Nearly 1,500 people died of malnutrition in part of Ethiopia's blockaded Tigray region over a four-month period last year, including more than 350 young children, a report by the region's health bureau says.
It cites more than 5,000 blockade-related deaths in all from hunger and disease in the largest official death toll yet associated with the country's war.
"Deaths are alarmingly increasing," including from easily preventable diseases like rabies as medicines run out or expire, the head of Tigray's health bureau, Hagos Godefay, told the Associated Press late last year as the findings were being compiled.
"This is one of the worst times of my life, I can tell you."
His report on the findings, published on Wednesday by the independent Ethiopia Insight, said 5,421 deaths were confirmed in Tigray between July and October in an assessment by his bureau and some international aid groups.
It was the first such assessment since the war between Tigray and Ethiopian forces began in November 2020, he said.
The deaths were overwhelmingly from malnutrition, infectious disease and non-communicable diseases as the health bureau and partners sought to gauge the effects on Tigray's population of its health system being largely destroyed by combat.
The deaths do not reflect people killed in combat, Mr Hagos told AP on Thursday in a call from the Tigray capital, Mekele, although the report reflects a small percentage of deaths from air strikes.
The mortality assessment covered roughly 40% of Tigray, he said, since occupation of some areas by combatants and the lack of fuel caused by the blockade has limited data-gathering and aid delivery.
"Since the magnitude of the destruction and health crisis in the inaccessible areas is undoubtedly high, the survey is bound to underreport the real extent of the crisis," Mr Hagos wrote.
Severe acute malnutrition in children under five, at less than 2% in Tigray before the war, is now above 7%, he said.

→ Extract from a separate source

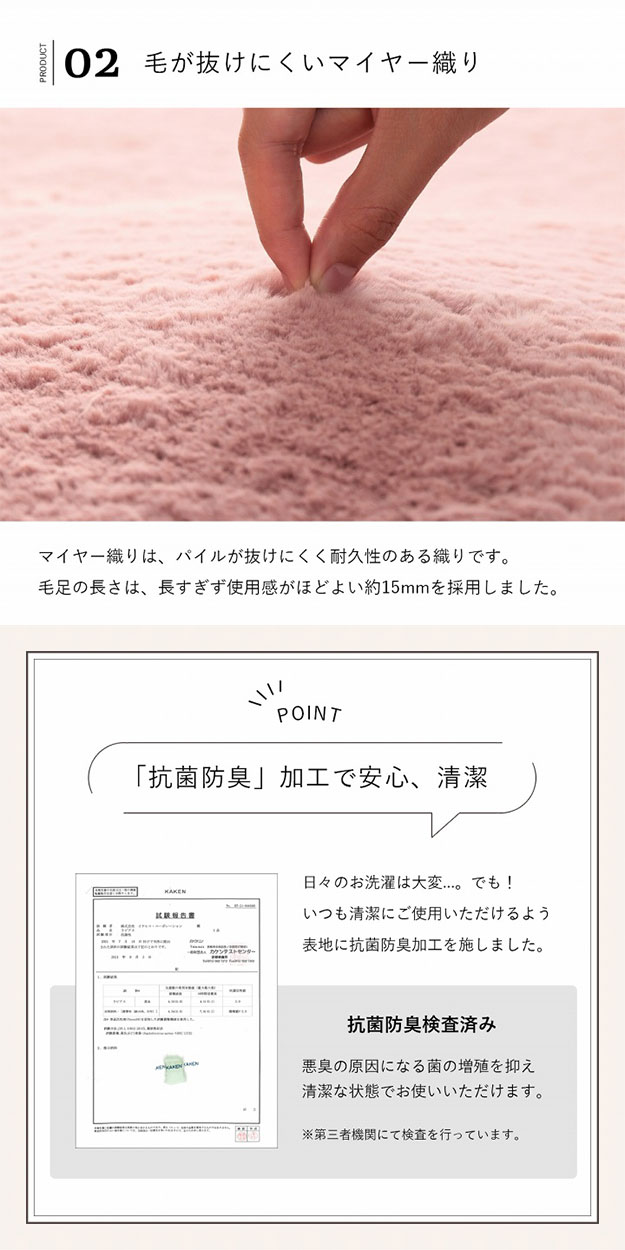 表地=ポリエステル100%(フェイクファー・抗菌防臭加工)

The assessment found at least 369 under-fives had died of malnutrition, part of 1,479 people in all.
AP last year confirmed the first starvation deaths under the blockade along with the government's ban on humanitarian workers bringing medicines into Tigray.

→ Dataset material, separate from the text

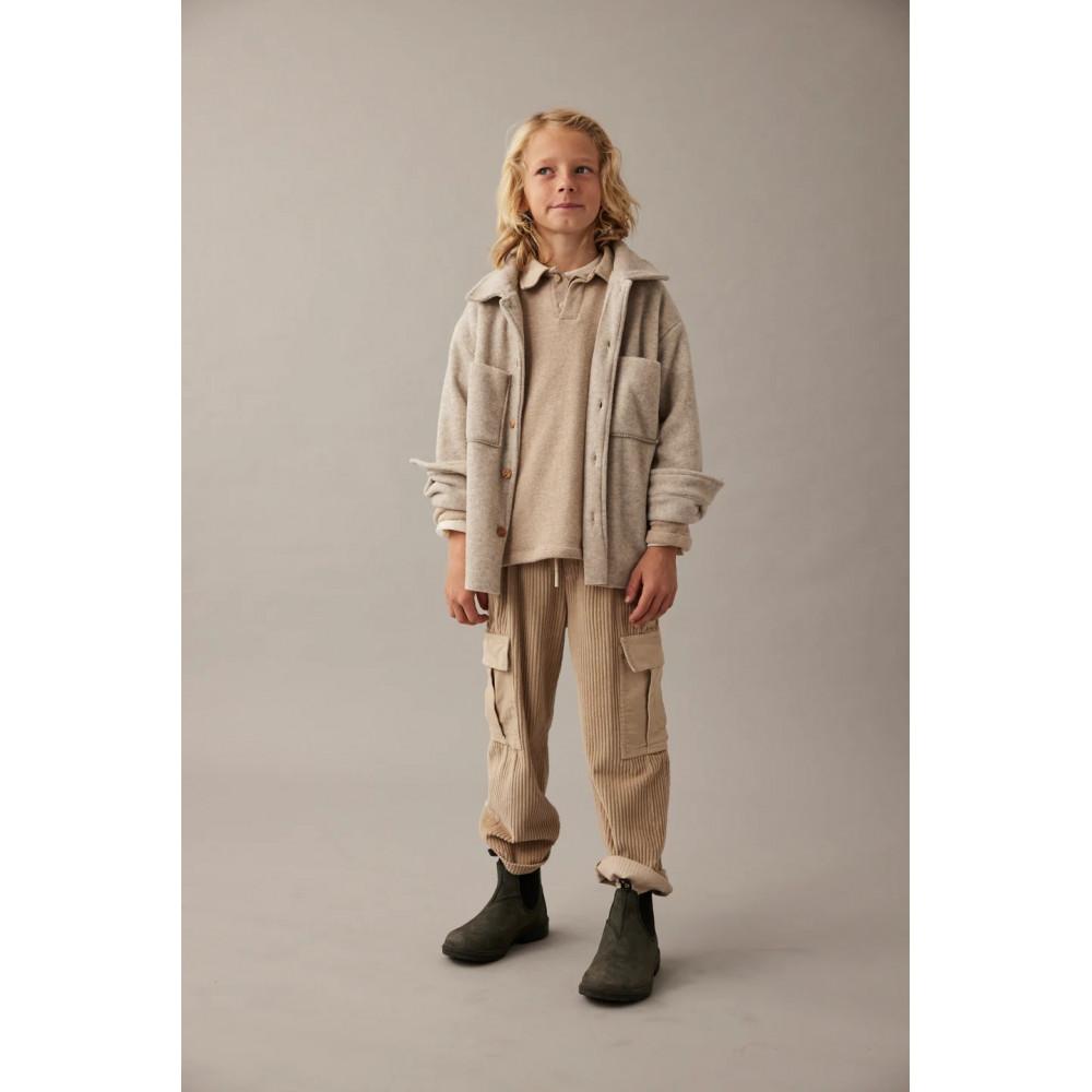 Shirt jacket crafted from tender bamboo fabric with a subtle mélange effect. It features a classic collar, button-down front closure, and patch pockets with detailed stitching on the chest. Buttoned cuffs and a back yoke complete the design. Soft, breathable, and gentle on the skin. It is part of Cozmo’s bamboo kids clothing collection. Made from bamboo fabric with an exceptionally soft, inviting feel. Naturally breathable and gentle on delicate skin. Eco-friendly choice with sustainable bamboo fibers. Lightweight yet durable, perfect for everyday wear.

Mr Hagos told AP that without medical supplies or vaccines, easily preventable diseases like measles were emerging in Tigray and Covid-19 has begun to spread.
HIV patients "are coming all the time to my office to ask if drugs are coming or not. But my hands are tied", he said.
Earlier this month, the United Nations said Ethiopia's government had released more than 850,000 measles vaccines to Tigray.
Ethiopia's government cut off almost all access to food aid, medical supplies, cash and fuel in June last year when the Tigray forces regained control of the region.
Since then, the UN has repeatedly warned that less than 15% of the needed supplies have been entering Tigray under what it called a de facto humanitarian blockade.
Ethiopia's government has expressed concern about aid falling into the hands of fighters.
Under a new wave of pressure this month after Tigray forces retreated back into their region amid a military offensive, Ethiopia's foreign ministry said in a statement on Sunday that it was working with aid partners to facilitate daily cargo flights to Tigray "to transport much-needed medicines and supplies".
The government in part has blamed issues with aid delivery on insecurity it says is caused by Tigray forces.
It is not clear when the daily flights will begin, though the International Committee of the Red Cross on Wednesday announced that it had made its first delivery of medical supplies to Tigray since September, calling it "a huge relief".
An ICRC spokeswoman told AP the cargo of surgical supplies and essential drugs would help to treat at least 200 injured people, and that the group intends to send more in the coming weeks.